Behind everything lurks the big question facing Tunisia as it goes to the polls for a new president and parliament: how stable is this fledgling democracy, the solitary surviving success of the 2011 revolutions? One analyst put it to me that this is a nation is trying to build its ship of state while sailing. Its constitution is progressive but still to be implemented. Its parliament is dysfunctional, its judiciary unreformed and its economy in dire need of structural reform. Its bloated public sector wage bill, for instance, is among the highest in the world as a share of the economy, after efforts to buy off discontent with government jobs.
There is an immense mistrust of politicians and party politics. Turnout has fallen in each of the last three elections and young voters especially operate under the assumption that corruption is rampant. Young people are among the region’s least interested in political debate and religion. Their frustration, fuelled by unemployment, sparked the 2011 uprising but has since led to a near-doubling of suicide rates, a huge brain drain, mass flight over the Mediterranean to Italy, and the highest rate of foreign enlistment in the ranks of the Islamic State. There were 10,000 protests last year, and one poll found that eight in ten people feared their country was heading in the wrong direction.

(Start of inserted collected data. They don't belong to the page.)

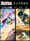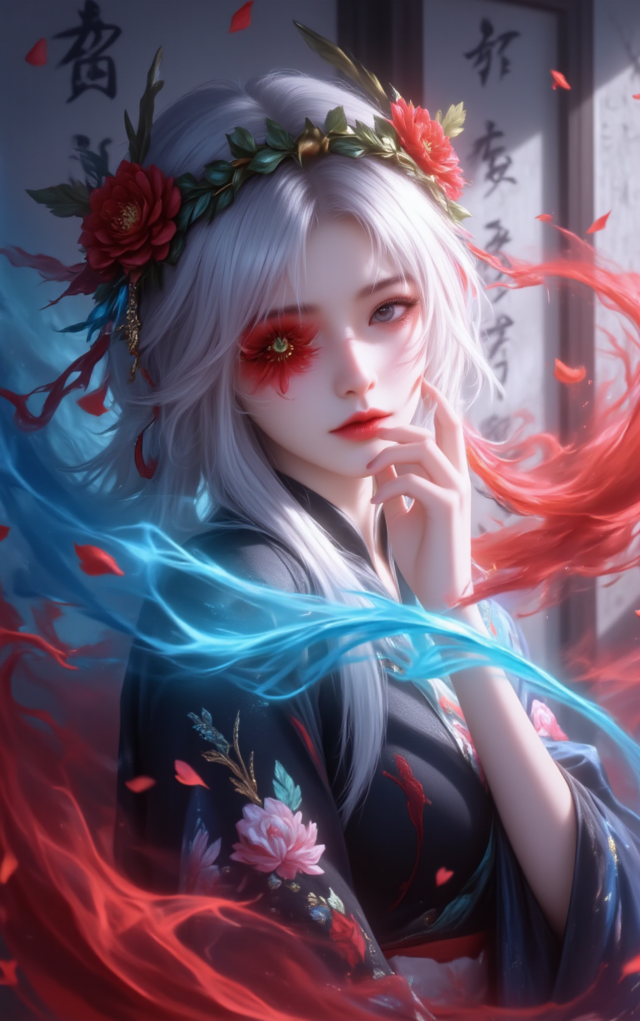 A young Asian woman wearing a floral wreath and Hanfu,this is an expressive acrylic style painting that gives it a dynamic and emotional quality. A woman with a flowing red and blue mist around her body. The mist creates a dramatic and surreal effect. A blooming red flower,covering one eye,attached to the face. This woman has a cold aesthetic,paired with her white hair. In anime art,women are shrouded in shadows,and lighting enhances their unique and sexy characteristics. Wearing a black kimono decorated with flowers. The background is blurry. The background is a wall with Chinese characters written on it,forming a sharp contrast with the ladys clothing. Full of red rose petals.,
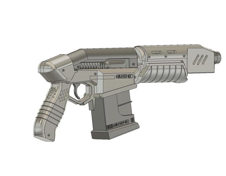 An unofficial 1:1 scale replica of the Militech Crusher shotgun from the video game.
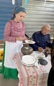 Тем временем, в беседке рядом с амфитеатром развернулось представление от СДК п. Пчеловодный «Казачий обряд – рождение в семье девочки. Родильная каша». Оказывается, при рождении девочки отец должен был съесть специальную «отцовскую кашу», которая готовилась с особым смыслом. Каша делалась острой, горькой, часто была пересоленной и даже подгоревшей. Казак обязан был съесть ее всю до последней ложки, не показывая недовольства. Считалось, что чем мужественнее отец перенесет эту «потеху», тем легче будет жизнь его дочери. На «Ярмарке семейных традиций – 2025», конечно же, кашу предлагали отведать вкуснейшую, не пересоленную и не перченную, но для желающих попробовать именно «родильную», соль с перцем на столе присутствовали.
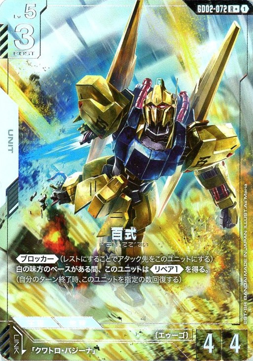 《ブロッカー》(レストにすることでアタック先をこのユニットにする)白の味方のベースがある間、このユニットは《リペア1》を得る。(自分のターン終了時、このユニットを指定の数回復する)
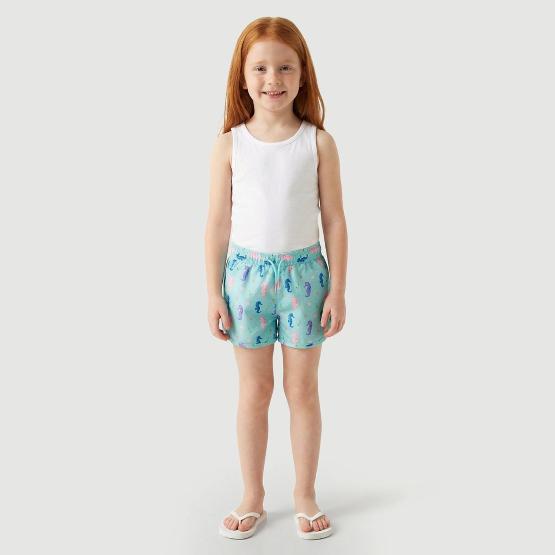 Economia de R$ 4,00Short feminino Yeapp com modelagem curta e estampa de cavalo-marinho em base azul, com elementos do fundo do mar em tons de rosa, roxo e azul. Confeccionado em tecido misto com predominância de poliéster, é uma peça prática para compor produções leves. Possui cós elástico e cordão de ajuste com ponteiras, além de barra arredondada e acabamento com viés nas laterais.

At least there is pressure for change. “The democratic culture has not yet really fully taken hold, although Tunisia has dispelled the myth that democracy is not compatible with the Arab world, becoming a beacon of hope for the region,” says Sarah Yerkes, a Tunisia specialist at the Carnegie Endowment for International Peace. “You do have a civil society and a media that tries to hold the institutions to account. In the LGBT arena things that you could never talk about are now being debated with legal NGOs and even a radio station. These things are unheard of in the Arab world.”
And now an openly gay man has bid to run for Tunisia’s highest political office – a first for North Africa, and something we have yet to see in Britain.